» **PROBLEM**: Go through the data below and transcribe it exactly. Omit the images.

» **SOURCE MATERIAL**:

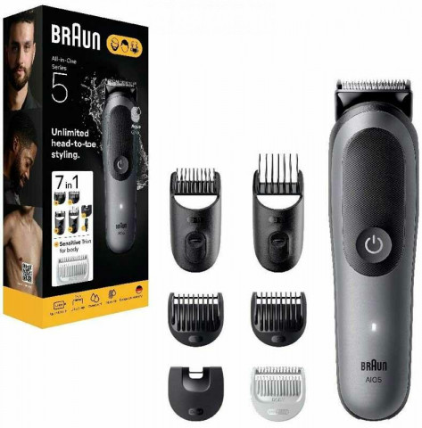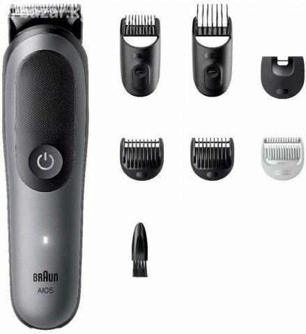 Триммер электрический AIO5520 MS Grey - это многофункциональное устройство для комплексного ухода за внешностью. Он подходит для стрижки бороды, волос на голове и теле, а также для точного контурирования и ухода за усами и бакенбардами. Основная информация Цвет серый; черный Назначение триммера универсальный Питание Питание от аккумулятора Тип аккумулятора Li-Ion Время зарядки аккумулятора 5 мин Дополнительная информация Время работы от аккумулятора (мин) 120 мин Страна производства Китай Комплектация Триммер, документация, зарядное устройство, щеточка; насадки-гребни 1 и 2 мм, насадка-гребень 3-11 мм, насадка-гребень 13-21 мм; насадка для детального стайлинга, насадка для тела Технические особенности Способ бритья сухое+влажное Тип двигателя техники для стрижки вибрационный Системы безопасности влагозащита Доп. опции триммера влагозащитный корпус; влажная очистка Насадки Количество насадок в комплекте 6 насадок Насадки для бритья; для стрижки Настройки длины Минимальная длина стрижки, мм 1 мм Количество настроек длины 16 Материалы Материал лезвий металл Материал корпуса пластик Габариты Вес с упаковкой (кг) 0.38 кг Длина упаковки 11 см Высота упаковки 26 см Ширина упаковки 6 см
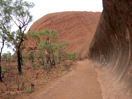 No, z otroki je vse skupaj malo drugače. Mi nismo trimčkali, smo pa hodili. Hodili smo več kot 3 ure in v tem času prehodili 3/4 poti. Za motivacijo smo si sproti izmišljali vse mogoče zgodbe o Uluru, da so tu živeli dinozavri, ki so v skali pustili svoje stopinje in teh “dinozavrovih stopinj” je bilo potem naenkrat ogromno. In tu ob poti rastejo tudi takšna čarobna drevesa, kjer, ko prideš do njega, zapreš oči in ti drevo v roko vrže vitaminski bonbonček. Seveda so ta drevesa zelo redka, toda ravno dovolj narazen in vedno tista največja, ki smo jih daleč naprej ob poti videli, da sta otroka v velikem pričakovanju hodila naprej in naprej… Ja, res smo se zabavali ob hoji in celo naš 3-letnik je sam prehodil več kot pol poti. Sama pa se nisem mogla načuditi, kako zelo strma je ta skala in to prav iz vseh strani. Tudi tam, kjer celo lahko splezaš gor (čeprav je spodaj velika tabla, kjer piše, da je to v nasprotju s prepričanjem aboriginov), je skoraj navpična. Šele zdaj razumem članke, kjer so pisali, da se je že zgodilo, da je kakšnega turista odpihnil sunek vetra, ko je plezal gor…
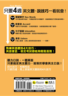作者整理出英語聽說的四大技巧:關鍵單字、輕重音、句子語調、連音,再針對台灣人對英語聽說的排拒心理,制定28天黃金學習表,由最簡單的抓取關鍵字入手,一直到最不容易掌握的連音技巧,由淺入深、循序漸進的學習,一週只需學會一個技巧,加上一週七天的反覆練習,只要四週就能成為英語達人!

» **RESULT**:
 Триммер электрический AIO5520 MS Grey - это многофункциональное устройство для комплексного ухода за внешностью. Он подходит для стрижки бороды, волос на голове и теле, а также для точного контурирования и ухода за усами и бакенбардами. Основная информация Цвет серый; черный Назначение триммера универсальный Питание Питание от аккумулятора Тип аккумулятора Li-Ion Время зарядки аккумулятора 5 мин Дополнительная информация Время работы от аккумулятора (мин) 120 мин Страна производства Китай Комплектация Триммер, документация, зарядное устройство, щеточка; насадки-гребни 1 и 2 мм, насадка-гребень 3-11 мм, насадка-гребень 13-21 мм; насадка для детального стайлинга, насадка для тела Технические особенности Способ бритья сухое+влажное Тип двигателя техники для стрижки вибрационный Системы безопасности влагозащита Доп. опции триммера влагозащитный корпус; влажная очистка Насадки Количество насадок в комплекте 6 насадок Насадки для бритья; для стрижки Настройки длины Минимальная длина стрижки, мм 1 мм Количество настроек длины 16 Материалы Материал лезвий металл Материал корпуса пластик Габариты Вес с упаковкой (кг) 0.38 кг Длина упаковки 11 см Высота упаковки 26 см Ширина упаковки 6 см
 No, z otroki je vse skupaj malo drugače. Mi nismo trimčkali, smo pa hodili. Hodili smo več kot 3 ure in v tem času prehodili 3/4 poti. Za motivacijo smo si sproti izmišljali vse mogoče zgodbe o Uluru, da so tu živeli dinozavri, ki so v skali pustili svoje stopinje in teh “dinozavrovih stopinj” je bilo potem naenkrat ogromno. In tu ob poti rastejo tudi takšna čarobna drevesa, kjer, ko prideš do njega, zapreš oči in ti drevo v roko vrže vitaminski bonbonček. Seveda so ta drevesa zelo redka, toda ravno dovolj narazen in vedno tista največja, ki smo jih daleč naprej ob poti videli, da sta otroka v velikem pričakovanju hodila naprej in naprej… Ja, res smo se zabavali ob hoji in celo naš 3-letnik je sam prehodil več kot pol poti. Sama pa se nisem mogla načuditi, kako zelo strma je ta skala in to prav iz vseh strani. Tudi tam, kjer celo lahko splezaš gor (čeprav je spodaj velika tabla, kjer piše, da je to v nasprotju s prepričanjem aboriginov), je skoraj navpična. Šele zdaj razumem članke, kjer so pisali, da se je že zgodilo, da je kakšnega turista odpihnil sunek vetra, ko je plezal gor…
作者整理出英語聽說的四大技巧:關鍵單字、輕重音、句子語調、連音,再針對台灣人對英語聽說的排拒心理,制定28天黃金學習表,由最簡單的抓取關鍵字入手,一直到最不容易掌握的連音技巧,由淺入深、循序漸進的學習,一週只需學會一個技巧,加上一週七天的反覆練習,只要四週就能成為英語達人!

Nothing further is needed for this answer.